彼时穗儿用过朝食,洗漱后,换上了寻常衣衫。她想将老姑姑的骨灰暂时供起来,孟暧便腾出西厢房五斗柜的柜顶,擦拭干净后, 让她把骨灰坛存放在了此处。她们在骨灰坛前摆了香炉,为逝者上香祭拜。
祭拜过后, 孟暧与穗儿坐下聊了一会儿, 知晓了昨夜发生的事。她可真是提心吊胆,昨夜净乐堂中出现的那个黑衣人实在给了她很不好的感觉, 今夜还有一个疑似方铭的约定要去赴约,亦是吉凶未卜。早间孟旷走得匆忙, 只说今日这个约定她单独去赴会就好, 她们不必跟去了。还说她今夜也许比较晚才能回来, 孟暧到现在一直心神不宁的,总觉得要出事。
此时前堂清渺来喊人了, 孟暧不得不返回前堂接待看病抓药的来客。穗儿深觉困倦, 便卧在罗汉床上,打算小憩一会儿。她盖了被子,困意潮水般涌上来, 不久便入了梦。只是这不睡还好,一睡却是一阵乱梦。她梦到了娘亲,还是幼年时久远记忆中的模样,疼爱地抚摸着她的发顶;梦到了嘉善县城纵横四里的水道,临水民宅星罗棋布,莲藕的清香和水道上船夫的歌唱声;梦到了深夜中,灯光如豆的书房里,伏案写作的张太岳,耳畔还有张嗣修教她读书识字、讲解文章的声音;梦到了囚车边第一次见面的孟裔,他探究的目光望着她;梦到了无数折磨囚禁的场景混杂在一起的可怖画面;她还梦到了金顶红墙的深宫,老姑姑悉心的照料,太后静默假寐的场景,紧接着是大雪夜里她在山间奔逃,荒山野庙里孟旷挡在她身前挥刀厮杀,血溅三尺。

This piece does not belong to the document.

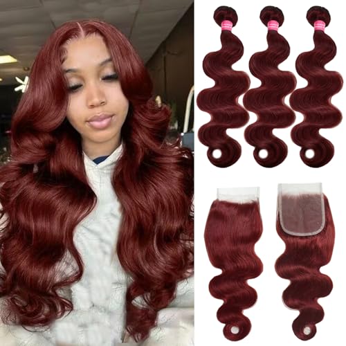 - 1.Body Wave Bundles With Closure Human Hair: Made of 10A Grade 100% Unprocessed Brazilian Virgin Remy Body Wave Bundles Human Hair, Cut From Young Girls Donors Directly. The Reddish Brown Body Wave Bundles Human Hair with Closure Offer a Signature Wavy Texture Full of Volume, Bounce and Style. Can Be Dyed or Bleached, Straightened Or Held Wavy to Your Liking.

“快逃!快逃!”她在喊,可穗儿根本迈不开步子。最终她却只能眼看着刀尖刺穿孟旷的心脏,她背对着自己如推山倒柱般双膝砸地。
“不!”穗儿终于从梦中惊醒,望着眼前安静的书房景象,才知自己几乎将自己这二十年的人生经历梦了一整遍,冷汗缓缓浸湿了衣背。
她浑身酸软地坐在床榻上,颤抖着叹出一口窒涩的浊气,周身发冷。她无法忍受梦境最后的场面,无法接受孟旷受到致命伤害的样子,哪怕是做梦,也让她无法承受。
孟旷、孟暧还有她们的同伴,他们不能想象穗儿内心到底藏着什么样的秘密,而她又是怎样的畏惧。她所知道的秘辛,乃是可以颠覆整个大明王朝的秘辛,她绝对不能说给他们听,否则他们必然会被列上屠杀灭口的名单。而事到如今,她已经在孟家逗留太久了,若再这般下去,恐怕等那些人找到自己,孟家就会因为她再迎来一次灾厄。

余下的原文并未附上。